It didn’t go well. But the Edenites were not set up for failure. They were given rations for the first 100 days, natural resources including livestock and basic tools to build shelters. The producers had handpicked skilled participants. A builder, soldier, plumber, vet, deerstalker, army officer, paramedic, chef, shepherdess, horticulturalist and even a life coach all entered Eden.

Initially things went OK. Despite having no access to running water or electricity, the team managed to construct a working hot shower. Soon they were catching fish and tending to their own vegetable patch. They even managed to make moonshine and haggis and build a teepee. But a camping trip where everyone gets on with each other makes for boring TV. As the first four episodes of Eden were broadcast in the summer of 2016, ratings quickly plummeted.

After only a handful of episodes, Eden was quietly and mysteriously dropped from the TV schedules. As time dragged on, and rumours circulated about what could possibly be happening inside the camp, the press picked up on the story. How could Channel 4 have left these poor people under the impression they were being filmed for national TV when no one had been watching them for months? The broadcaster responded by assuring viewers the remaining episodes would be shown...eventually. True to their word, Channel 4 finally broadcast Eden: Paradise Lost in August this year (see trailer below). And, as the show’s new name suggests, it showed all hell breaking loose.

The fall

Twenty-three men and women entered Eden but only eleven endured the whole year as planned. Near-constant arguing, fighting and bullying ripped the camp apart. Many left. Some of those who stayed paid a heavy price – even battling serious mental health problems.
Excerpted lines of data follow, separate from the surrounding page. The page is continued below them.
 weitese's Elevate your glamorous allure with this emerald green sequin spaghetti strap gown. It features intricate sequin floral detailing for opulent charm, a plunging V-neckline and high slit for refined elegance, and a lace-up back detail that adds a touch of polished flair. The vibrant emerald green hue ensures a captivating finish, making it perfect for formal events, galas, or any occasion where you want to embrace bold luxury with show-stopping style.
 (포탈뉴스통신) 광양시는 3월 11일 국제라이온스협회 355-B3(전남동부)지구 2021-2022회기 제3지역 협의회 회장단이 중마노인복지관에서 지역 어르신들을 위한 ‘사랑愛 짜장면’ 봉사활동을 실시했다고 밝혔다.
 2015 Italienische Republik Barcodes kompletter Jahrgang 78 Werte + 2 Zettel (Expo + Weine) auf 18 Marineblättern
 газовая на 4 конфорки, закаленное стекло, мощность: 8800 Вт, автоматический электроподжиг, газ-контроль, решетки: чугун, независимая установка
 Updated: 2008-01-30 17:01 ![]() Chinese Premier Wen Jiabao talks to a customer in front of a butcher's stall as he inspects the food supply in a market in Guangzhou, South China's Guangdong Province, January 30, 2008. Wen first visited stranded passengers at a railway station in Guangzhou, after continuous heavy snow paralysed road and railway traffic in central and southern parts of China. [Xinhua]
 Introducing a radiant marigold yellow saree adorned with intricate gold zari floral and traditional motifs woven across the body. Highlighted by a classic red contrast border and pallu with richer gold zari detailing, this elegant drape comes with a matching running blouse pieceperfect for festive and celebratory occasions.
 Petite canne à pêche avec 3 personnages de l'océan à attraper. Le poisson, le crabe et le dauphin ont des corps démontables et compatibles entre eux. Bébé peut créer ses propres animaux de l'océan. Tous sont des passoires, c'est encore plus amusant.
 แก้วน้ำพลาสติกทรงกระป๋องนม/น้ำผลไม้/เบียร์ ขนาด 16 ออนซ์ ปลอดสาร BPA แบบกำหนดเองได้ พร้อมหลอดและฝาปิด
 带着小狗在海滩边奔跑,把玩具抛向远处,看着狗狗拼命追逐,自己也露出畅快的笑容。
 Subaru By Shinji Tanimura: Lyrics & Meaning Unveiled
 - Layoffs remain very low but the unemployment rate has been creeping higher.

Tara the life coach was the first to walk out after the group made their feelings known about perceiving her as lazy. Soon afterwards, Glen threw in the towel. The deer hunter had failed to shoot a single animal and felt like a failure. But after enjoying a hearty meal at a local pub (and encouraged by the producers), Glen changed his mind and walked back in.

Rather than being welcomed back, the group were angry that he’d been allowed to change his mind, and staged a walkout. The producers had a mutiny on their hands as the participants escaped, flagged down a car and borrowed a phone to contact their families. After much begging from the production team, they all agreed to go back in, including Glen, who finally managed to shoot a deer for the near-starving community and found himself very much forgiven.

In the meantime, Anton – a 42-year-old boatman – became increasingly difficult to live with. He withdrew from the community and built his own log cabin in the woods, quickly becoming a villain in their eyes. At times he was his own worst enemy. At other moments, he was the victim of bullying, often reduced to tears by the cruelty of others. Eventually he found a friend in Raph, and the two men took materials from the main camp to extend their cabin. They even managed to construct a sauna!

The life of comparative luxury that Anton and Raph were enjoying began to grate on the rest of the participants. They hatched a plan to goad Anton into lashing out at another contestant, Rob, which would allow them to remove him. The plan worked and, after a violent and prolonged altercation, they voted to remove Anton. His faithful friend Raph declared, “If he’s going, I’m going.” But, before leaving, the pair engaged in a final act of revenge and burned down their beautiful log cabin, rendering it useless for the remaining Edenites.

Once they were on the other side of the fence, the producers reminded the happy duo that in order for a vote to carry in Eden, 75 per cent of participants must be agreed. If the pair had voted (as they were entitled to), the result would have fallen short of the required majority. Anton and Raph were distraught – they had literally burned their bridges so had nothing to return to. “They’ve stolen this from me!” cried Anton.

The main players

Anton

Adventurer, rowing coach and boatman. He quickly became a loner, living first by himself in the woods and later joined by Raph.

Raph

Age 55, the oldest member of Eden was a gifted carpenter who got on with most people and was often the voice of reason.

Katie

A tough forager who made it to the bitter end, enduring huge emotional turmoil in the process.

Rob

A sensitive and introverted vet and Katie’s boyfriend.

Glen

The man responsible for hunting deer. One of The Valley Boys.

Male and female enmity

Halfway through the year-long experiment another split took place, this time between boys and girls. Early on, Titch the plumber had suggested the men should do ‘manly’ jobs they were better suited to, such as chopping wood, fishing and building.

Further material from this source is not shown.